Pissing rain on the way home. Just a carnival of lights, and my coat which does not smell like cigarettes pulled up tight around me. A thousand spectators, and I imagine they are open windows I can’t see in.

The same trailer playing on a loop as I jiggle the key to my apartment. The television is on inside. I am certain that I turned it off but these things are omnipresent. I watch the noise for awhile like the human flotsam of a prior age.

I shut the television off and check the thermostat before going to bed. My eyes register a red peripheral smear from my alarm clock. I shut my eyes and try to pretend the minutes on the display are not moving.

Monologue

“The worst thing about being the Doctor isn’t when the decisions are hard, it’s when the decisions are easy.

“An easy decision, I absolutely need to walk away, can hurt. I have to do a bad thing… it can destroy me. I have to do a good thing… oh sometimes that can be the worst one. Because sometimes the good thing is impossible. But it still needs to be done because it’s the right thing.

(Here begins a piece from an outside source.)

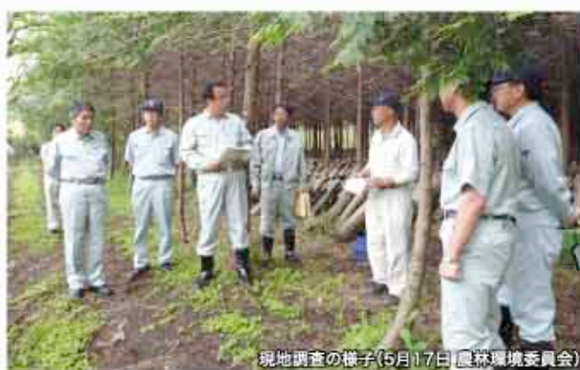
現地調査の様子(5月17日 農林環境委員会)

委員会をA、Bの2グループに分け、日をずらして開催することにより、県民の皆様が委員会を傍聴する機会がより増えることになりました。また、委員会を終日開催できるようにするなど、審議、現地調査時間を十分に確保しました。

“And sometimes the easy decision is to do the right thing knowing I am going to fail.

“You can break your heart trying to save the universe. It’s so easy, all it takes is one person.

“Give me a hard decision any day. Those I can wrestle with. I’ll find an out, an angle. A way to deal or cheat or pull out a miracle by tacklign the problem any way but head-on.

“But the easy decisions, on a bad day… those can be the worst.”